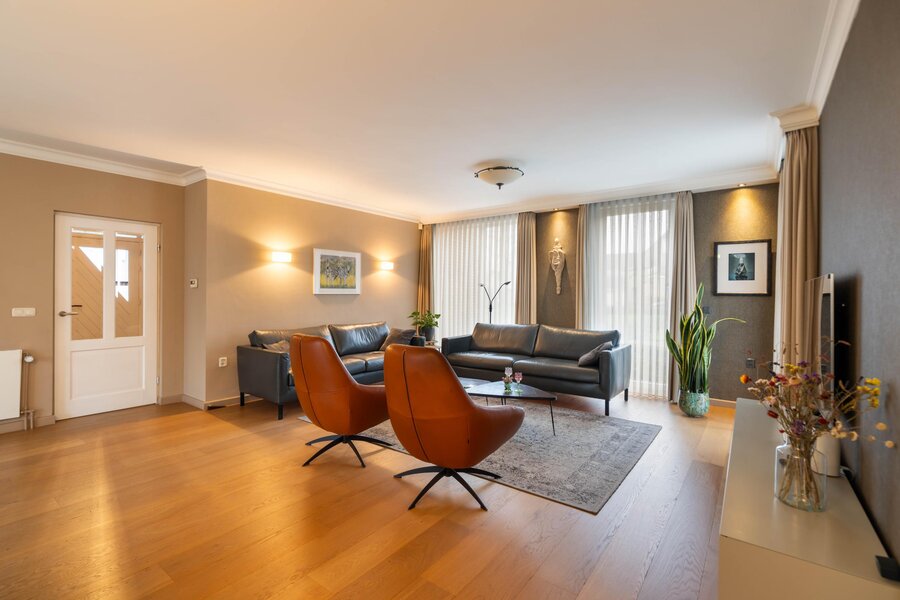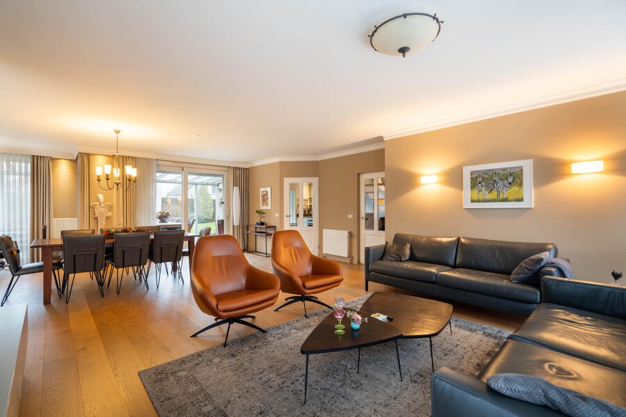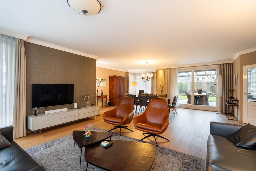 De woonkamer bestaat uit een ruim zitgedeelte aan de voorzijde en een eetgedeelte aan de achterzijde. De woonkamer is voorzien van sfeervolle wandlichtpunten en biedt voldoende ruimte voor grote zit- en eethoek. Via een schuifpui is er toegang tot de tuin. De grote raampartijen en schuifpui zorgen voor veel lichtinval en een aangenaam contact met buiten. Vanuit woonkamer is er toegang tot de keuken.
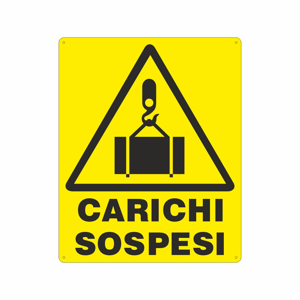 Cartello con simbolo W015 pericolo carichi sospesi Cartello in alluminio preverniciato giallo spessore 0,5 mm Pittogramma W015 pericolo carichi sospesi Corrispondente pittogramma UNI EN ISO 7010: Warning sign W015, Overhead load warning Stampa durevole e resistente. Angoli arrotondati. Imballo in nylon Disponibile in tre formati: A con dimensione 145x125 mm; F con dimensione 270x270 mm; B con dimensione 333x333 mm Distanza di visibilità: Formato A 3,5 metri; Formato F 7,5 metri; Formato B 9 metri Conforme D.Lgs. 81-08, UNI 7543, UNI EN ISO 7010. Utilizzo: il segnale si applica in prossimità di gru o carroponti per avvisare del pericolo derivato da carichi sospesi Metodo di adesione consigliato: collante siliconico su muro o su superficie liscia e piana
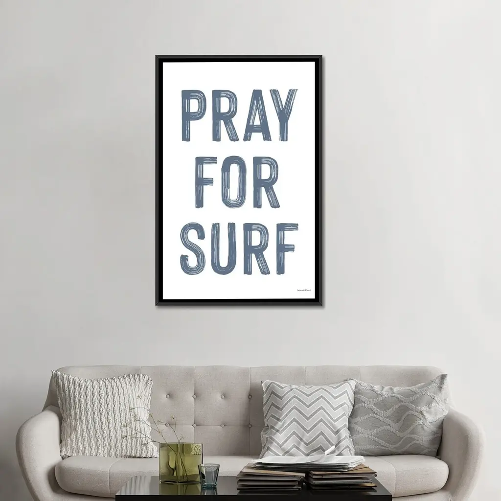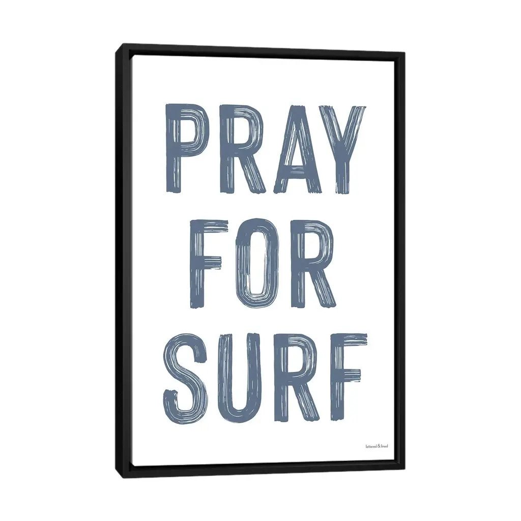 Icanvas "Pray For Surf" By Lettered & Lined Framed Canvas Print - Black - 40x26

#####

→ **Problem to solve**
The answer is the listing above repeated verbatim, minus its images.

→ **Answer box**
 De woonkamer bestaat uit een ruim zitgedeelte aan de voorzijde en een eetgedeelte aan de achterzijde. De woonkamer is voorzien van sfeervolle wandlichtpunten en biedt voldoende ruimte voor grote zit- en eethoek. Via een schuifpui is er toegang tot de tuin. De grote raampartijen en schuifpui zorgen voor veel lichtinval en een aangenaam contact met buiten. Vanuit woonkamer is er toegang tot de keuken.
 Cartello con simbolo W015 pericolo carichi sospesi Cartello in alluminio preverniciato giallo spessore 0,5 mm Pittogramma W015 pericolo carichi sospesi Corrispondente pittogramma UNI EN ISO 7010: Warning sign W015, Overhead load warning Stampa durevole e resistente. Angoli arrotondati. Imballo in nylon Disponibile in tre formati: A con dimensione 145x125 mm; F con dimensione 270x270 mm; B con dimensione 333x333 mm Distanza di visibilità: Formato A 3,5 metri; Formato F 7,5 metri; Formato B 9 metri Conforme D.Lgs. 81-08, UNI 7543, UNI EN ISO 7010. Utilizzo: il segnale si applica in prossimità di gru o carroponti per avvisare del pericolo derivato da carichi sospesi Metodo di adesione consigliato: collante siliconico su muro o su superficie liscia e piana
 Icanvas "Pray For Surf" By Lettered & Lined Framed Canvas Print - Black - 40x26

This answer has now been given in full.